The FBI's Carter responded: "Any internal disciplinary or other employment problems Mr. Rogoskey may have experienced are completely unrelated to providing the earlier allegations."

Kohn said: "Fitness reviews are extremely intrusive. They include psychiatric exams, interviews with his wife and examination of his sex life."

A fitness exam was ordered of another FBI whistle-blower client of Kohn's, Frederic Whitehurst, the FBI chemist whose allegations led to an inspector general's finding the FBI Laboratory engaged in sloppy science and gave biased testimony for the prosecution.

"Even though Whitehurst was found fit, the FBI tried to discredit him with material from the fitness exam," Kohn said.

Kohn said Rogoskey has applied for workman's compensation because two doctors concluded he suffers from post-traumatic stress disorder caused by his work. "He has work-related injuries because they kept him undercover too long and from the retaliation," Kohn said.

FBI officials have said that agents who spend long periods undercover can suffer tensions from maintaining dual personalities.
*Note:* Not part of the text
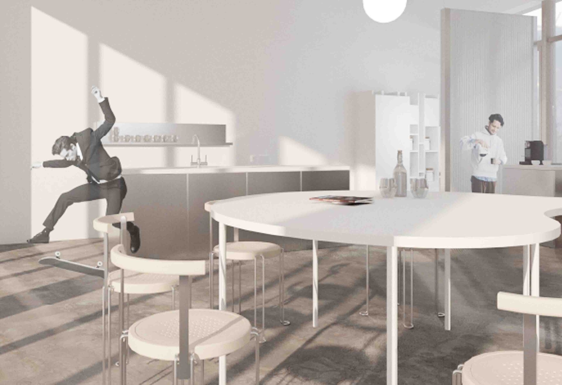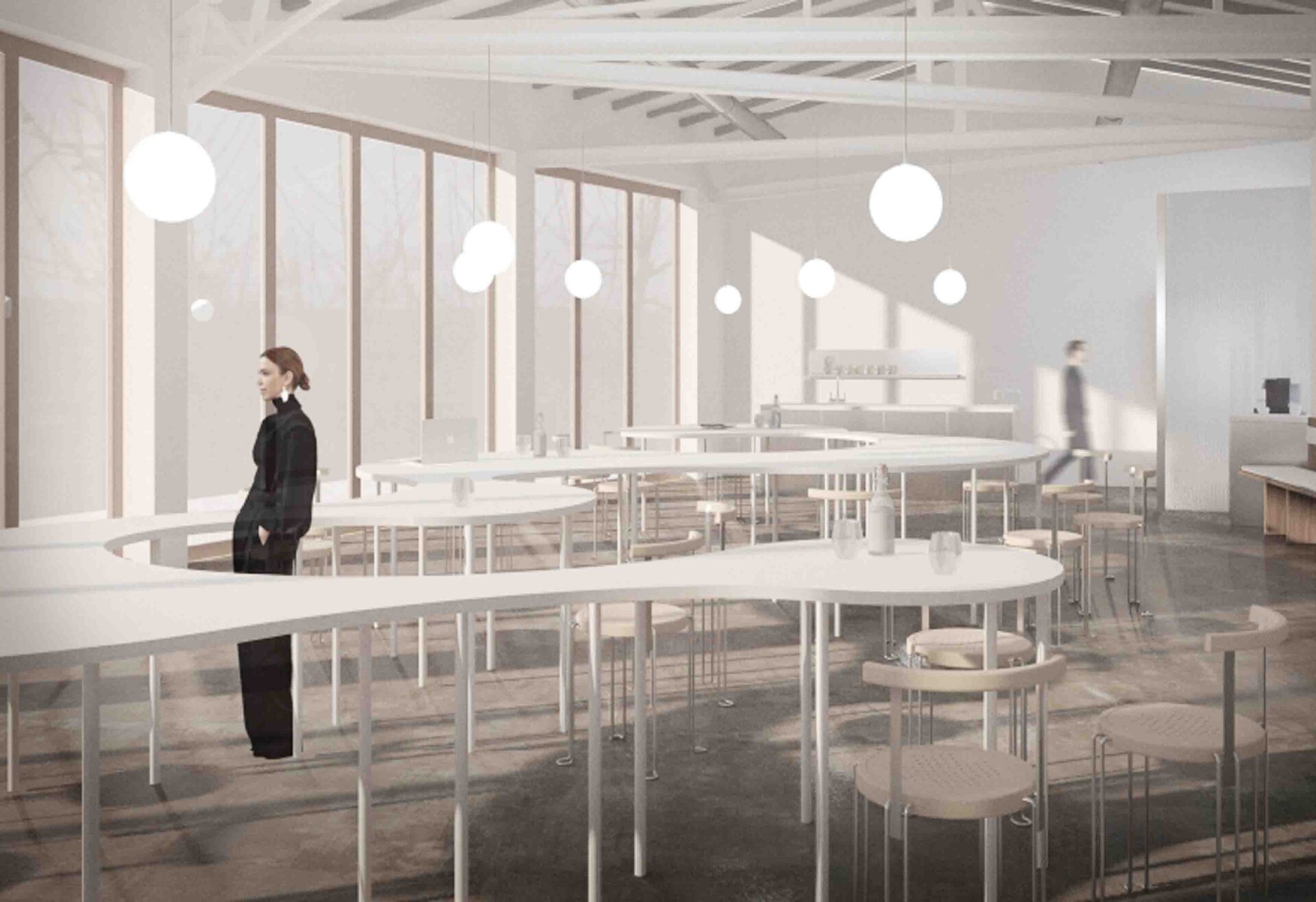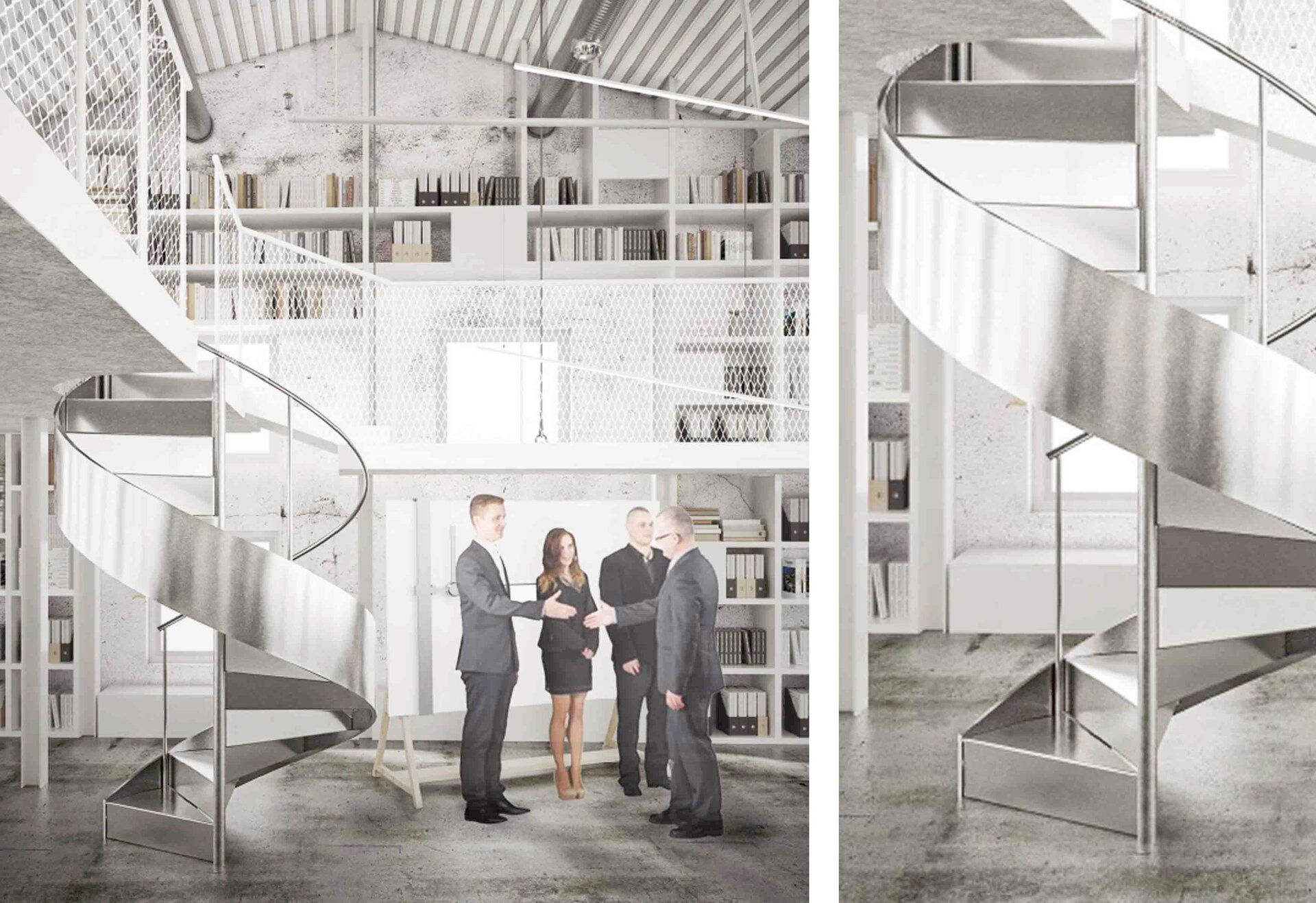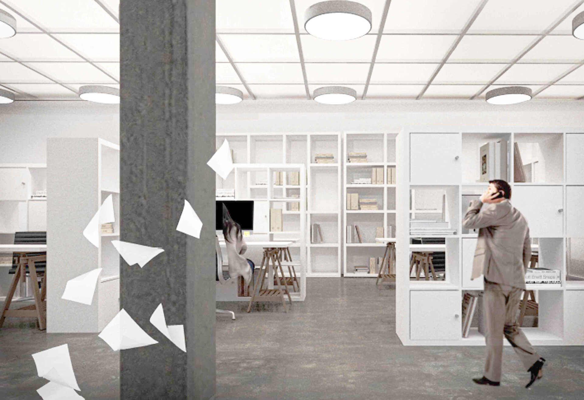 În amenajare am aderat la principii și tehnologii sustenabile. A fost necesară o intervenție arhitecturală pentru optimizarea spațiului, motiv pentru care am propus astfel o supantă, ce permite o nouă înțelegere și simțire a spațiului. Poziționată decentrat, supanta cuprinde și o pasarelă către biblioteca de pe peretele estic. Accesul către spațiul mezanin se realizează prin două scări elicoidale din tablă îndoită vopsită. Structura supantei este simplă, metalică, vopsită în alb, cu o prezență diafană în perimetrul zonei de lucru, structura nouă fiind ajutată de cabluri metalice pentru o senzație de plutire. Am propus înlocuirea învelitoarei originale cu o învelitoare metalică prevăzută cu o cavitate de circulare a aerului.

In the lawsuit, Rogoskey asked the U.S. District Court here to decide whether he can transmit his allegations to Clinton, Albright and congressional oversight committees, to bar the government from retaliation and to process his workman's compensation claim instead of ordering a fitness review.

Because of secrecy rules, Rogoskey submitted his allegations in a sealed envelope to the FBI's publication review clearance board in May 1999.

The agent had no publisher, wasn't seeking compensation and did not intend to publish the material for the general public, but wanted permission to send it to the named officials, Kohn said.

FBI attorney Lyn Brown "denied the permission the next day by phone and said the information in the envelope should have been transported by armed guard." Kohn said. Freeh and Holder later upheld that denial.